This should be viewed in the context of the weighted system that will be introduced and the automatic response being beefed up. Children will no longer be left in school without some assistance. I accept the concerns that we should not allow things to drift and that assessments should be carried out as quickly as possible. For that reason I proposed the amendment which will require an assessment to begin within one month and to be completed as soon as practicable after that and no later than three months. We are giving a timetable as to when it should start and finish. That will not cut down on the overall time it may take to complete an assessment in all cases but it should help to focus minds and to get the ball rolling so the assessment will also be finished early.
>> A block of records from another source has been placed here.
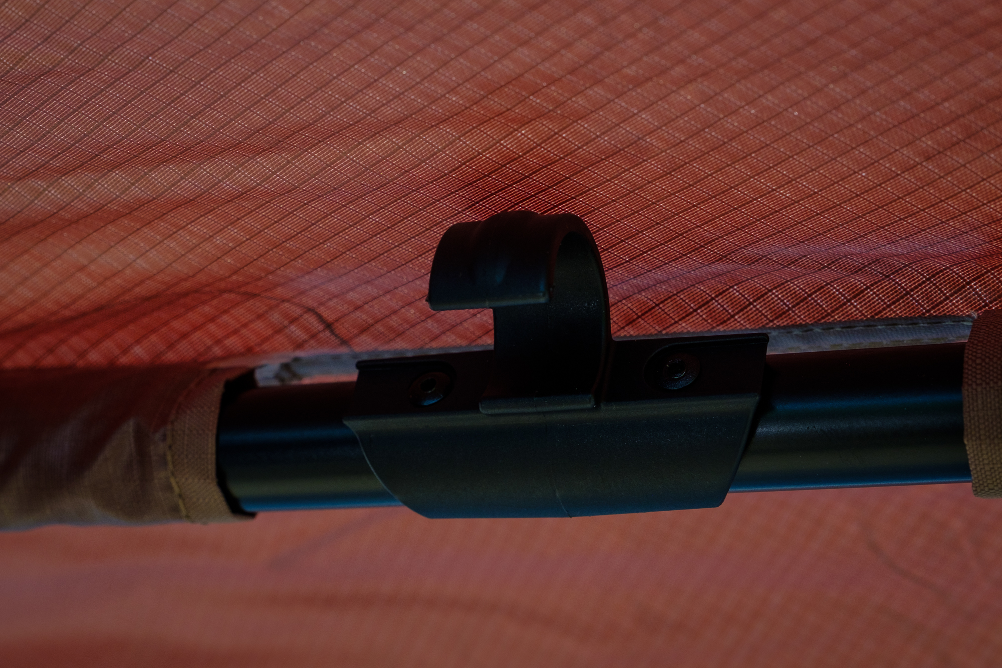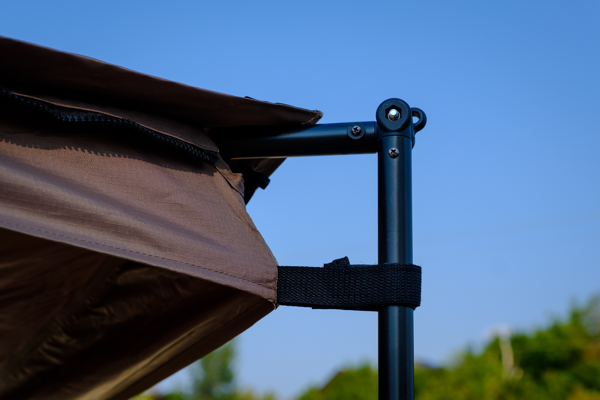Once the awning was fully deployed, there were even more changes we loved. For example, the switch from dark green fabric, which tended to absorb and radiate heat, to a lighter tan alternative. This small alteration made a big difference in keeping us cool, and the 210D ripstop fabric carries an independently evaluated UV50+ rating, so you can feel confident that you’re getting real protection from the sun. It is also water and mold resistant, which is a huge deal when you use the awning to escape rain as much as we do. In the photo above, we were hit by a surprise sleet storm, and shortly after were inundated by other people taking cover without an awning. We then stored it away wet for three weeks in hot conditions without opening it to dry. During the course of these 21 days, temperatures often reached the mid-1990s, but upon rolling the awning out, there wasn’t a spot of mold.
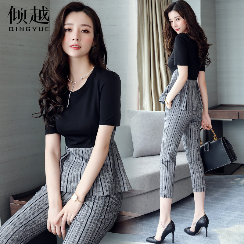 套裝裙女2017夏季新款短袖網..
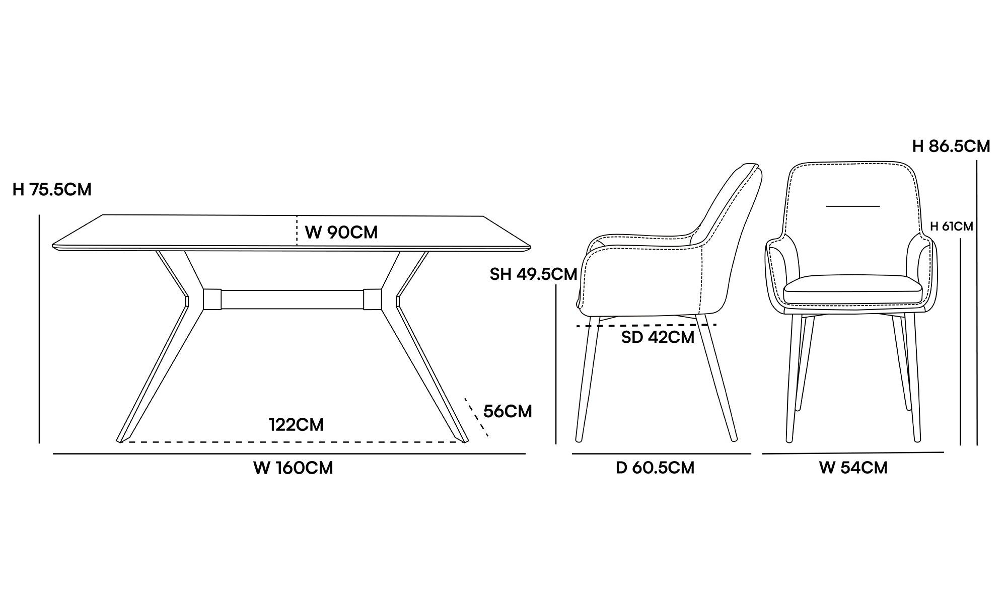 Dark Grey Marble Rectangular Dining Table(160cm*90cm) Laila & 6 Solis Dining Chairs

The amendment also provides that the carrying out of an assessment includes the preparation of a statement of findings as a result of that assessment. The statement must be prepared within the three month period and I hope that addresses the concern that significant time can be lost through delays in drawing up the statement of findings.
This amendment addresses the problem some people foresaw of an assessment being done and then it taking another three months for it to be made available. I have tried to condense the timeframe as much as possible so that everything is complete within the three months and the assessment is not delayed any longer than one month.
Mr. Stanton: I am happy with that provided the principals are given the resources to carry this out. They would be happy to be in a position to do what the Minister intends here but they must have the resources.
This also depends on when the principal reaches an opinion. If he decides not to reach an opinion for six months, nothing will happen for six months. That is the only flaw in the Minister’s thinking but I am sure almost every principal will reach an opinion as quickly as possible.
Ms O’Sullivan: I was reading an article in the INTO magazine on this Bill. It asked what the main prerequisites would be for effective delivery of provisions at school level to ensure the implementation of the Education for Persons with Disabilities Bill. In response it outlines those aspects Deputy Stanton mention — staffing, planning time, resource provision, professional development, appropriate guidelines and ensuring proper co-ordination between the various service providers. Clearly, the body representing teachers is concerned that it gets the resources to meet the time limits in the legislation. Will the Minister give an assurance that the resources will be available?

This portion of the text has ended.